Sinclair Delays Report Containing Coronavirus Conspiracy Theories

Sipa USA via AP

Sinclair Broadcasting, one of the nation’s largest operators of local TV stations, said on Saturday it would delay its planned presentation of a news report featuring commentators offering discredited conspiracy theories about the nation’s coronavirus pandemic, after the piece drew scrutiny and pushback.

“We will spend the coming days bringing together other viewpoints and provide additional context,” the Hunt Valley, Maryland, company said in a statement Saturday afternoon. “All stations have been notified not to air this and will instead be re-airing last week’s episode in its place.”

The move suggests the company reversed its planned course.

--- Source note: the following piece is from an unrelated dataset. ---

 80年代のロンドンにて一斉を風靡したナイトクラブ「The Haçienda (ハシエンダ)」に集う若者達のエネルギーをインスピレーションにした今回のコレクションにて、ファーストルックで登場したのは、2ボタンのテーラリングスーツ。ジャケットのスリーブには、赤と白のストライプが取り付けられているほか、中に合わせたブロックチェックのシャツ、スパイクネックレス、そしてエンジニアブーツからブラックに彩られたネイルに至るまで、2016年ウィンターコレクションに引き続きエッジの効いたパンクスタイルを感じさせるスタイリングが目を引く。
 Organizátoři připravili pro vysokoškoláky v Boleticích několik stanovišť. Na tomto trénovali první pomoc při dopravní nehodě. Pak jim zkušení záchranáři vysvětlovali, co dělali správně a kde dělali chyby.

Sinclair earlier in the day indicated the piece would air. “We’re a supporter of free speech and a marketplace of ideas and viewpoints, even if incredibly controversial,” the  broadcaster said in a statement earlier in the day. Sinclair owns, operates  or provides services to 191 TV stations in 89 U.S. markets. Its stations are affiliates of Fox, CBS, ABC, Univision and many other top TV networks.

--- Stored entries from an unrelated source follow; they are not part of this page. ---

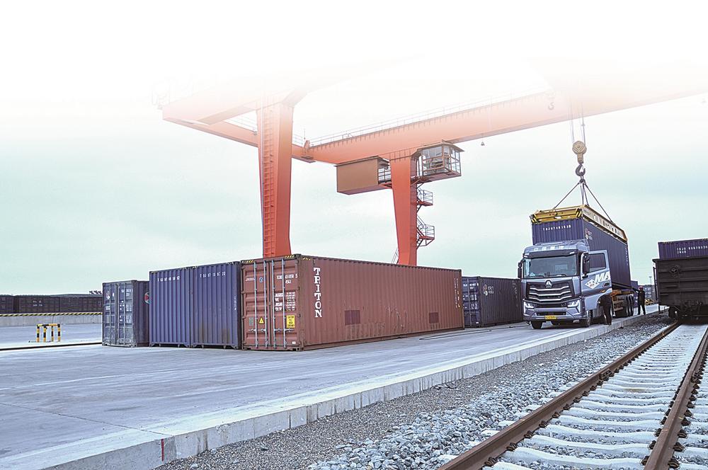 鹽城北站貨場組織吊裝農(nóng)副產(chǎn)品準(zhǔn)備上專列。 記者 黃海峰 攝
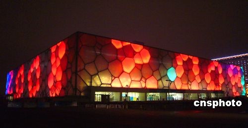 組圖:“水立方”姹紫嫣紅喜迎圣火到京
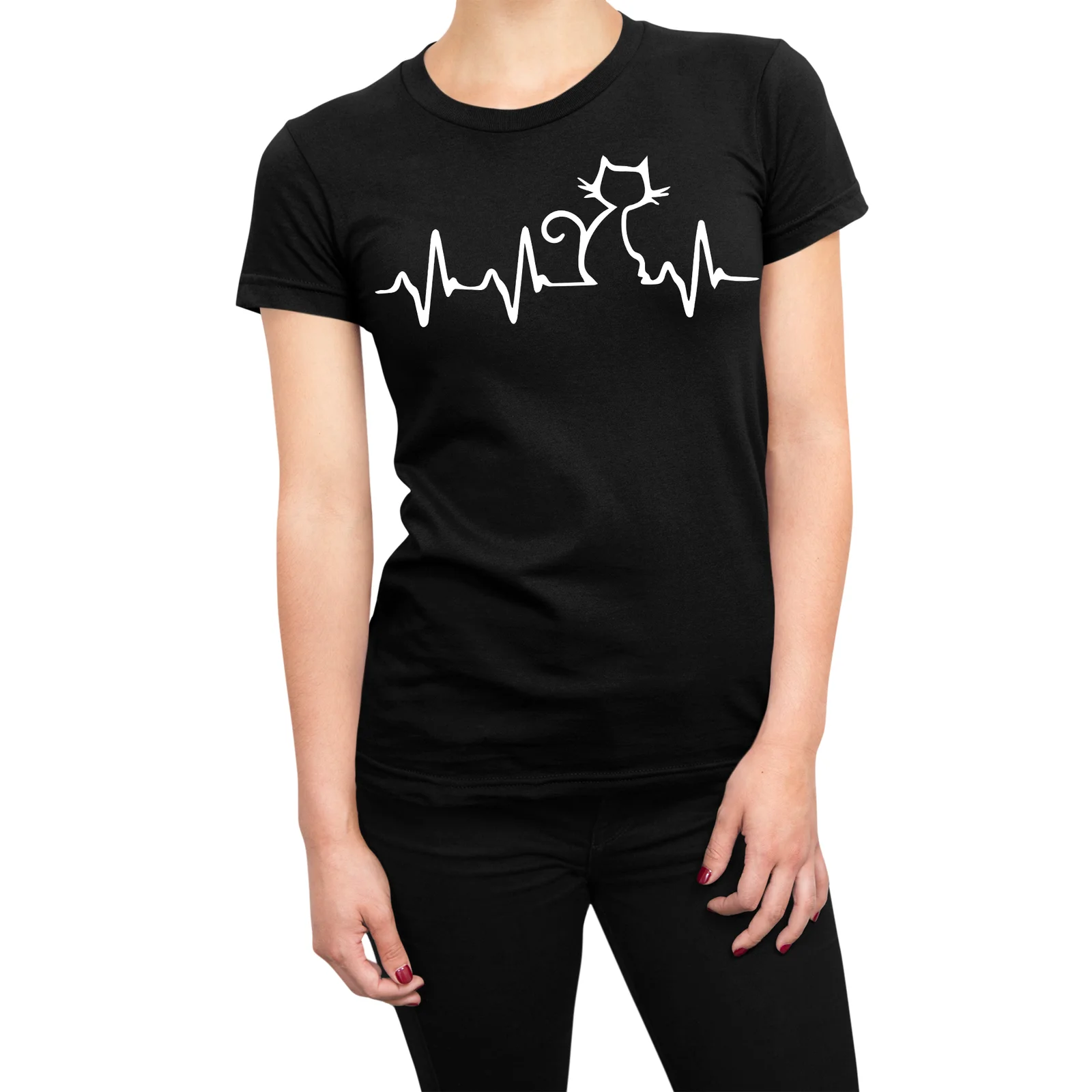 Tshirt gatto donna gatto cat ecg – elettrocardiogramma gatto – maglietta divertente donna – cat

At issue is a segment of the Sinclair weekend program “America This Week,” hosted by Eric Bolling, a former Fox News host and personality. In the report, Bolling interviews Judy Mikovits, a widely discredited medical researcher who has gained some notoriety since appearing in a video segment from “Plandemic,” a conspiracy theory video that attempts to bolster several falsehoods about the origins of coronavirus. In the Sinclair segment, posted online in advance of its airing on TV, Mikovits appears to assert that Dr. Anthony Fauci, a prominent government official who is head of the U.S. National Institute of Allergy and Infectious Diseases, is responsible for coroniavirus being created – a specious claim. A chyron that appears at the bottom of the screen during her appearance reads: “Did Dr. Fauci Create COVID-19?”

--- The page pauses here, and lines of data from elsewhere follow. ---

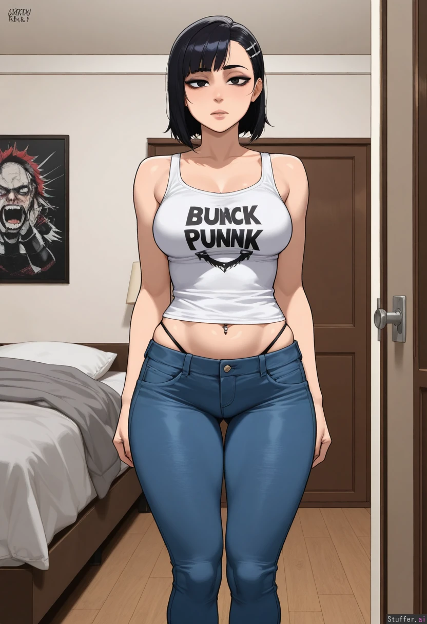 (dark hair, bangs), dark eyes, white tank top, solo, ((high quality, high detail)), KAMII MOMORU(artist), bleach (art style), medium breasts, krekkov(artist), (detailed face), (tired eyes, eyeliner), ((punk)), (skinny jeans, navel piercing, low rise jeans), (((bottom heavy, chubby tummy, muffintop, wide hips:0.9))), (((midriff peek))), (looking at viewer, thong showing), standing in bedroom, ((thick thighs:0.1, wide hips:0.1, chubby:0.1))
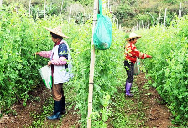 在大济镇三会村一片碗豆田里人头攒动,许多农民在采收碗豆、花菜,该村承包地种植的蔬菜今年喜获丰收。
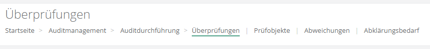 Auf Kundenfeedback hin wurde die Einschränkung entfernt, dass hier nur mit Audits verknüpfte Überprüfungen angezeigt werden. Jedoch sind Überprüfungen, die mit keinem Audit in Verbindung stehen, entsprechend markiert. Auch die drei neuen Punkte neben den Überprüfungen geben eine Gesamtübersicht über die Inhalte des Managementsystems.
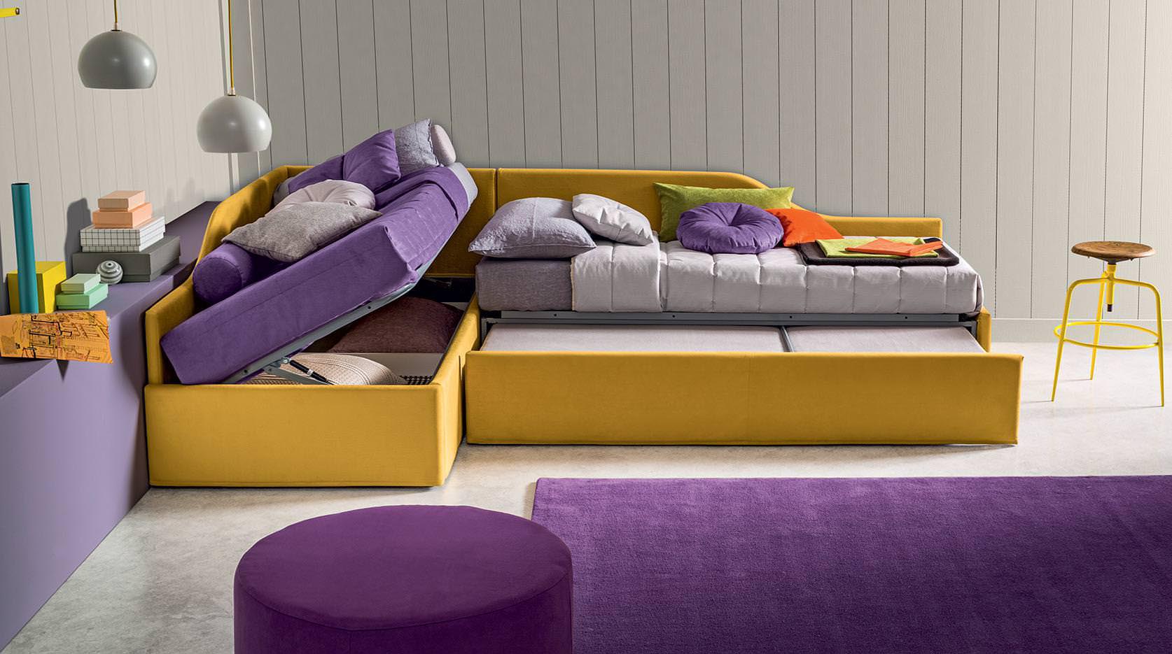 Erik è un sistema di letti singoli, che si possono adattare a più ambienti, dalla camera da letto al living. Si ha la possibilità di aggiungere un comodo contenitore o un terzo letto, facendo di questo programma un organismo eclettico e versatile.
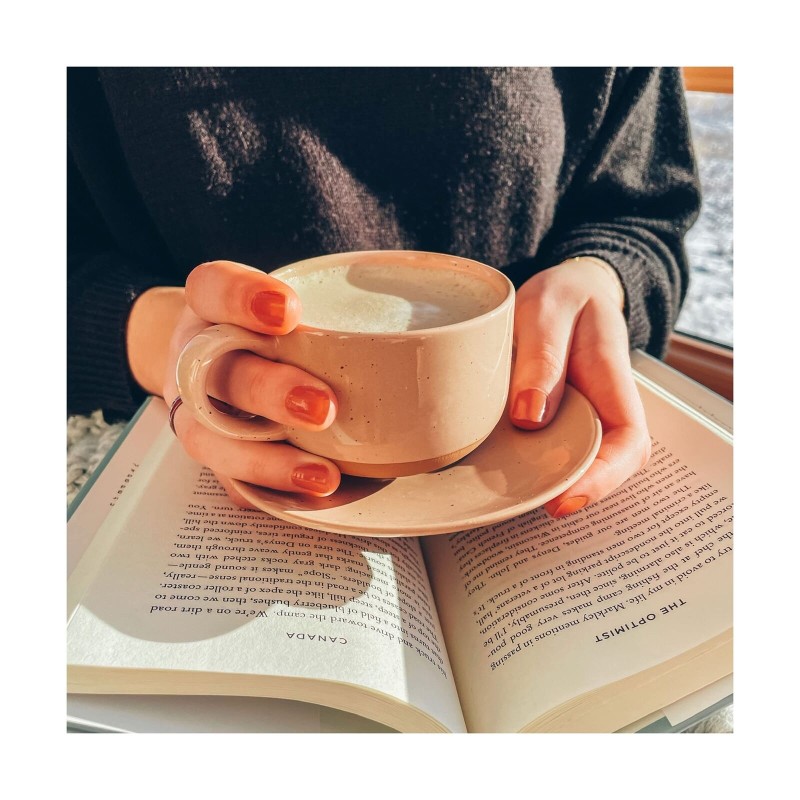 8Oz Cappuccino Mug Set of 4 - Ceramic Coffee Cups with Saucers - Microwave and D
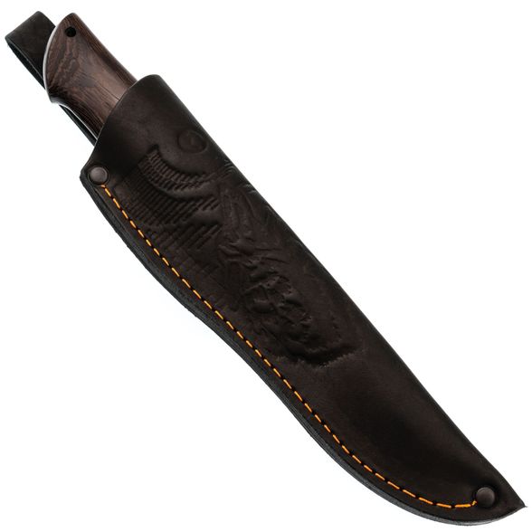 Рукоять ножа Бладхаунт изготовлена из прочной древесины венге, которая обеспечивает идеальный баланс между прочностью и весом. Изогнутая форма рукояти повторяет контуры ладони, обеспечивая комфортный и безопасный хват. Бочковитость рукояти заполняет руку, позволяя длительное время работать с ножом без дискомфорта.

Media Matters, a progressive-leaning organization that monitors media outlets, previously revealed the content of this weekend’s “America This Week” broadcast.

The controversial news content is the latest to surface from Sinclair, which has in the past mandated that conservative-leaning opinion segments be presented in its local news programs. While the onus of analyzing information and content is often the viewer’s, Sinclair’s business structure – its programming airs on stations that have strong alignments with NBC, the CW and others – often renders the task of putting those segments in proper context more difficult for the audience.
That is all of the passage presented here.